Ingredients
Scale
For the Smoothie Bowl Base:
- 2 cups frozen pineapple chunks
- 1 medium frozen banana, sliced
- 1/2 cup frozen mango chunks (optional but recommended)
- 1/3 cup coconut milk (or milk of choice)
- 1/4 cup plain Greek yogurt or coconut yogurt
- 1 teaspoon honey or agave nectar (optional)
- Juice of 1/2 lime (about 1 tablespoon)
For Toppings (choose your favorites):
- 1/4 cup granola
- 3-4 fresh pineapple chunks
- 1/4 cup fresh mango slices
- 2 tablespoons toasted coconut flakes
- 2 tablespoons sliced kiwi
- 1 tablespoon chia seeds
- 1 tablespoon macadamia nuts or cashews, chopped
- 2 tablespoons passion fruit pulp (if available)
- Drizzle of coconut cream or almond butter
- Fresh mint leaves for garnish
Instructions
- Prepare your ingredients: Remove frozen pineapple, banana, and mango from the freezer.

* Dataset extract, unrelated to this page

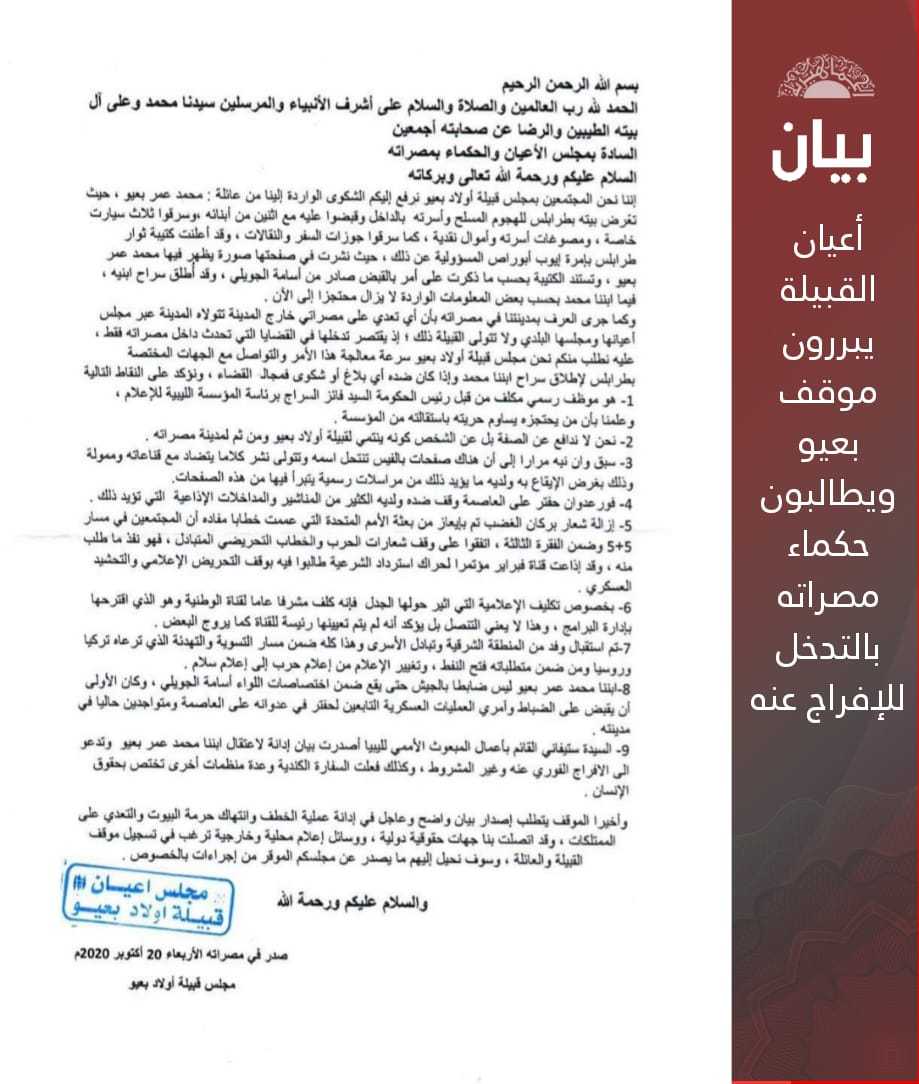 رفع مجلس أعيان قبيلة أولاد بعيو شكوى لمجلس أعياء وحكماء مصراته، تضمن عددا من نقاط التوضيح التي انتهت إلى إصدار بيان عاجل في إدانة عملية الخطف وانتهاك حرمة البيوت والتعدي على الممتلكات.
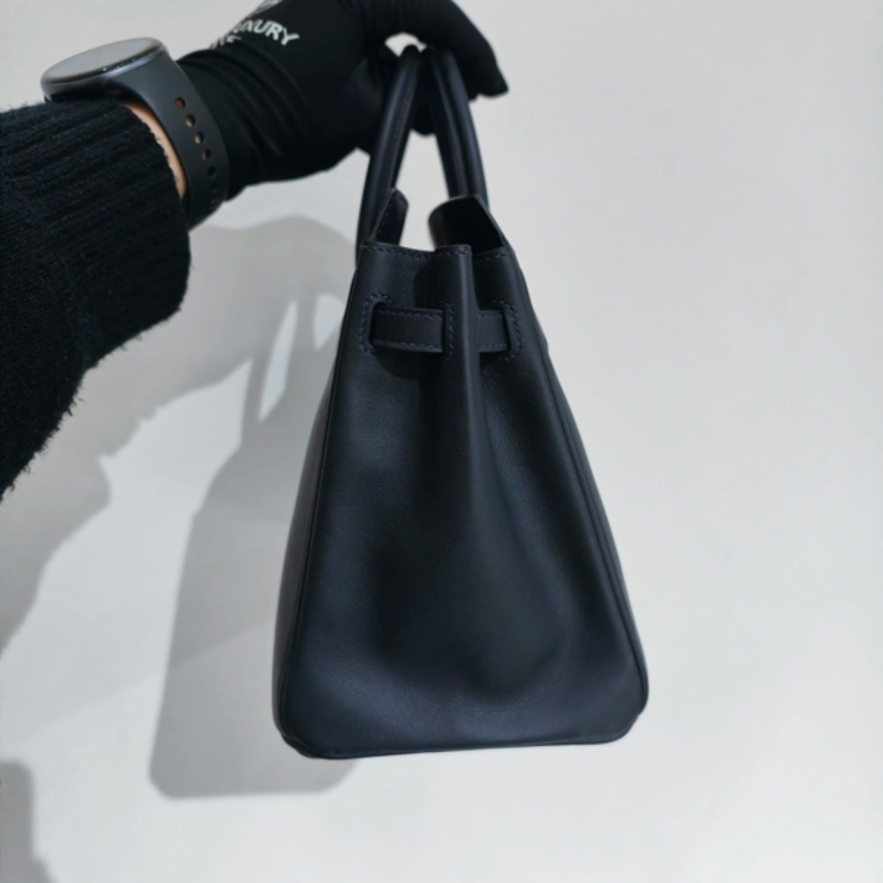 Strap: Sturdy, double rolled leather top handles designed for graceful hand or crook-of-the-arm carry.

If your blender is less powerful, let them sit at room temperature for 5-10 minutes to soften slightly.
- Layer your blender properly: Add coconut milk and yogurt to the blender first (liquids on the bottom help the blending process), then add the frozen pineapple, banana, and mango chunks on top.
- Add flavor enhancers: Squeeze in the lime juice and add honey if using. The lime juice really brightens the tropical flavors!
- Blend strategically: Start on the lowest speed setting to break down the frozen fruit, using your tamper to push ingredients toward the blades. Gradually increase to high speed once the fruit starts breaking down. The mixture will be very thick—this is exactly what you want! Total blending time should be 30-60 seconds.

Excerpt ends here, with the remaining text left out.